I.E. the first Reading is in the first location, etc.

The “logical” location of each succeeding element is calculated by incrementing by one for each element.

A given position might be accessed by its subscript or index within the array.

	The first might be referenced by Readings[1], the second by Readings[2], etc.
	This is a “language dependent” manner of using subscripts.

The conversion from a one-dimensional array’s “logical” organization to its “actual” arrangement within the machine is very straightforward.

The address at which a given hourly reading is stored may be determined in a three step manner:

	1). The address of the array is determined.
	2). The first element is located at the address at which the array is stored.

(Its “displacement” from the starting location is “0.”)
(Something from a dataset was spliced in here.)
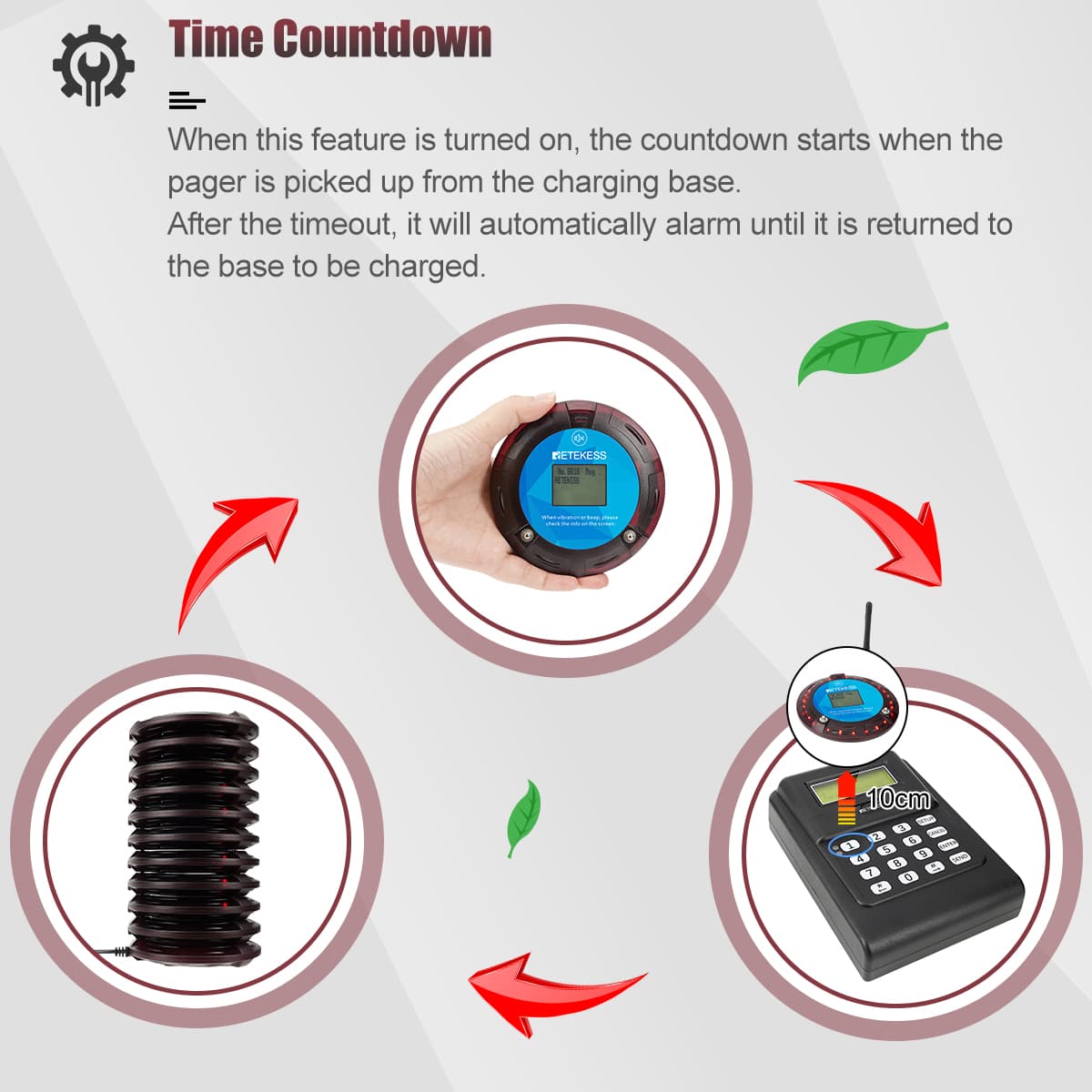- Once the pager is removed from the charging base, the pager will enable a countdown, when the set time is reached, the pager will beep/vibrate/flash automatically until put back into the charging base.

3). The address of the element desired is determined by adding the “displacement” to the “address of the array.”

Thus, in this case, to find the address of the 4th element in the array (4 a.m.):

13 + (4 - 1) = 16

Multidimensional Arrays

Multidimensional Arrays use additional subscripts to address elements.

The following two dimensional example requires 2 subscripts:

Weekly sales records - by salesperson (3) by day of week (5).

Row major order indicates that the first subscript refers to the row, the second to the column within that row:

Sales[3,4] is shaded below:

Multidimensional Arrays

Conversion of subscripts for a multidimensional array into memory addresses is not as simple as it is for single dimensional arrays.

The address of a given element in the array is:

E=A+S*((C*(I-1))+(J-1)), where:

	E - The address of the Element being sought.
	A - The beginning Address of the array.
	C - The number of Columns in the array.
	I - The current row (subscript).
	J - The current column (subscript).
	S - The Size of each data element - 1 byte, 1 full word, etc.

Lists

The form of an array (number of dimensions, number of entries in each dimension, size and data type of each element in the arrays) must be determined prior to “compile time.” The compiler needs to reserve a fixed amount of space for the array and for all of the other STATIC data structures (constants, literals and variables) in the program.

This requirement is often inconvenient. Assume a state school registration system. How many entries should be planned for in the array? Before the first student registers, no entries are required. The max number may vary from year to year. This falls in the category of 1 is too many and 1,000,000 is not enough.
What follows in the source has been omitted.